In the present embodiment, by being segmented to the title in video to be sorted, brief introduction, comment etc., cutting and redundancy Processing, each keyword included in the video to be sorted can be obtained, form crucial phrase.
Matching module 33, for the sort key for mapping the crucial phrase with each visual classification pre-set successively Word set is matched, and respectively obtains the sort key phrase to match with each sort key word set;
In the present embodiment, as an alternative embodiment, matching module 33 includes:Sort key word set extraction unit, matching Unit and Traversal Unit (not shown), wherein,
Sort key word set extraction unit, concentrated for the mapping relations in visual classification and sort key word set, extraction First sort key word set;
In the present embodiment, mapping relations are concentrated, and include one or more visual classifications, and each visual classification maps one point Class keywords collection.

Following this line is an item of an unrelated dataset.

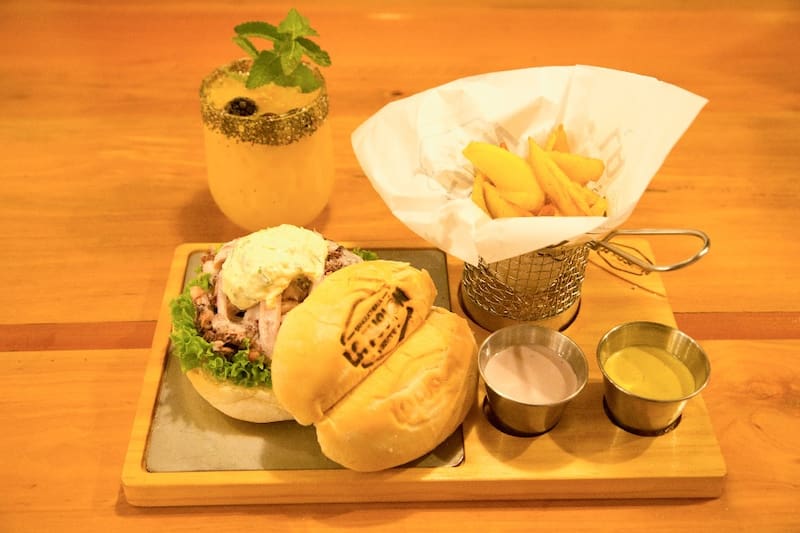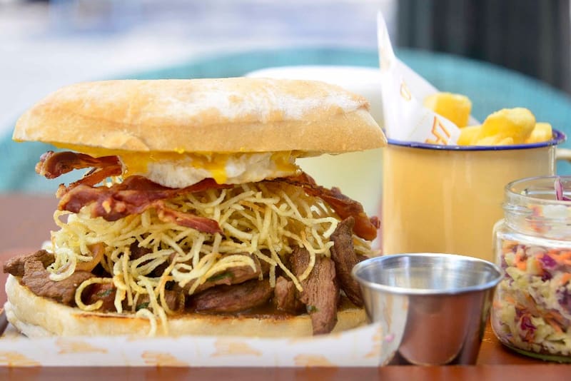 Tiene varios hits, como el sánguche de "chicharrón" (7.990), que lleva una suave carne de chanchito acompañada por camotes fritos perfectamente crocantes —hechos al estilo de las papas hilo—, lechuga, mayonesa y zarza criolla.

In the present embodiment, as an alternative embodiment, sort key word set extraction unit includes:Sample video collected works list Member, sample classification subelement, sample keyword subelement, word frequency statisticses subelement, mapping relations structure subelement and mapping Set of relations subelement, wherein,
Sample video collection subelement, for obtaining Sample video collection;
Sample classification subelement, for according to the visual classification pre-set, that is concentrated to the Sample video to be every the same This video is classified, and obtains classification samples video group corresponding to each visual classification;
In the present embodiment, video can be classified in advance, for example, can be by visual classification:Funny video, red-letter day Video etc. being blessed, wherein, for funny video, can be divided into again:Sport category funny video, life kind funny video, amusement class Funny video etc., same Sample video can be attributed to different classification videos, and the present embodiment is not construed as limiting to this.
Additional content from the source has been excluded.